The county district attorney's office also charged Malburg and other administrators with crimes unrelated to the strike. In Malburg's case, the district attorney office accused the mayor of falsely declaring his domicile to be the family residence he built in Vernon, charging that his true domicile was the Los Angeles home he inherited from his grandfather. In 1979, Judge William Keene dismissed the charges when it was revealed that the district attorney's office had withheld evidence from the grand jury which directly contradicted the prosecution's claims.

Similar charges were filed again, twenty-seven years later, after the city attempted to suppress a report by a city attorney that the city administrator was stealing from the city. In the course of that investigation the District Attorney's new Public Integrity Division learned that Malburg and his wife and son all claimed to live in apartments within an office building in Vernon. The city's attempt to suppress the report was unsuccessful and the city administrator, Bruce Malkenhorst Sr., was charged with misappropriating public funds. The mayor and his family were charged with voter fraud.

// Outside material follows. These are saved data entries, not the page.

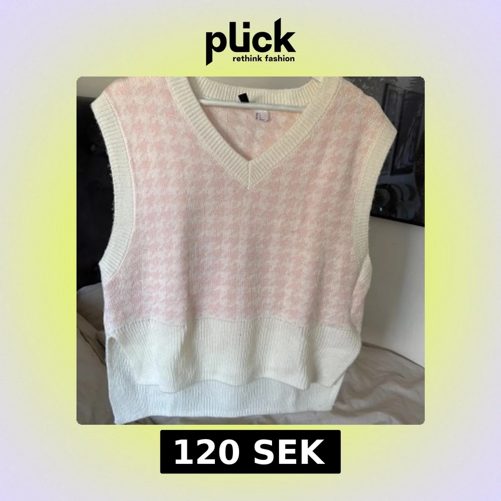Säljer en söt stickad väst i rosa och vitt med ett diskret mönster. Västen har en v-ringad design och är perfekt för lager-på-lager-stil. Den är mjuk och bekväm, idealisk för både vår och sommar.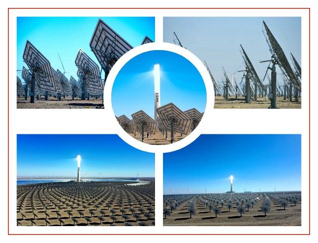 作品创新点:这组作品为了多角度展现,是用无人机和相机拍摄。用全景与特写交织,凸显定日镜反光与熔盐储热的技术细节;借荒漠与科技设施的对比,既显工程魄力,又传递“光热转化”的环保内核。
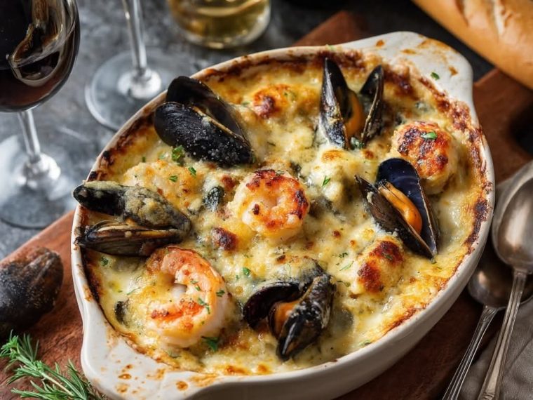 Sea Delight: Cod, Shrimp and Mussel Gratin
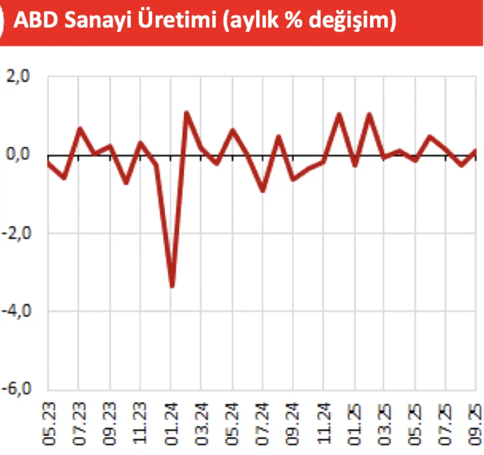 ABD’de sanayi üretimi, ağustos ayındaki aşağı yönlü revize edilen %0,3'lük düşüşün ardından eylülde %0,1 arttı. Eylül ayında enerji sektöründe artış görüldü. İmalat ve madencilik sektörleri ise bir önceki aya göre sabit kaldı. Kamu hizmetleri üretimi, bir önceki ayda %3'lük düşüşün ardından eylülde %1,1 arttı. Sanayi üretiminde yıllık artış ise %1,6 olarak gerçekleşti. Kapasite kullanım oranı da eylül ayında %75,9 ile yatay seyretti. İmalat sektöründe ise KKO ağustos ayında %75,6 iken eylülde %75,5 değerini aldı. Kasım ayında sanayi üretiminin sınırlı artacağı tahmin ediliyor.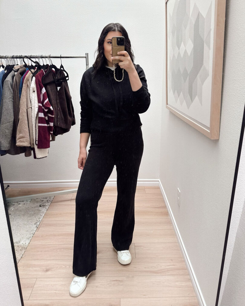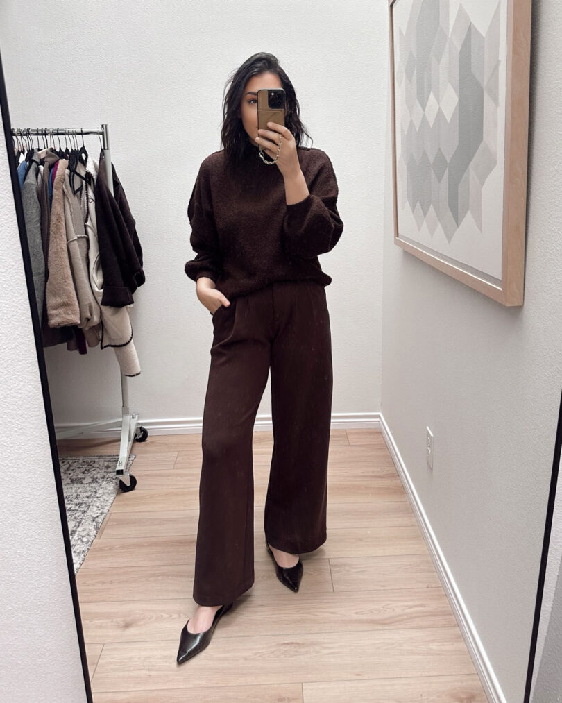 These trousers are basically sweatpants. But with a zipper, button fly and pockets. They don’t look like sweatpants on or even in person, but boy are they comfortable. If I traveled a lot, these would be my go-to pant to be honest. I wear these when I don’t want to actually get dressed, it’s a cheat code. Plus this sweater is big and soft and cozy, so I look put together but I’m cozy AF here.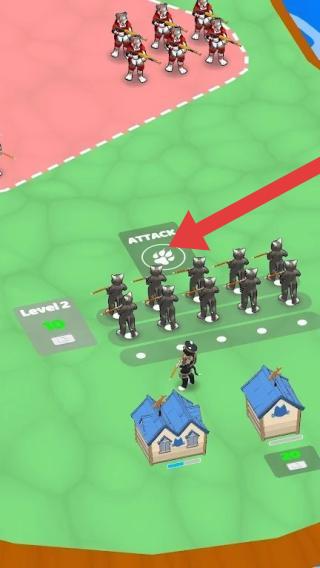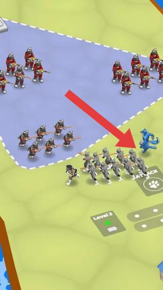 3、画面中有不同造型的士兵角色,存在“ATTACK”(攻击)按钮,还有标有“Level2”(2级)的标识,玩家需操控士兵点击攻击按钮来与敌方作战。

Leonis's son, John Malburg, was sent to prison for child molestation discovered during the same investigation.

After being sued by the City of Vernon over nearly $1.5 million in attorney fees, Malburg resigned the office of mayor on July 1, 2009.

In December 2009, Leonis Malburg and his wife were convicted of conspiracy, perjury, and voter fraud. In January 2010, they were sentenced to probation and ordered to pay over $600,000 in restitution and fines. Both the Supreme Court of California and the Supreme Court of the United States denied appeals of their sentences.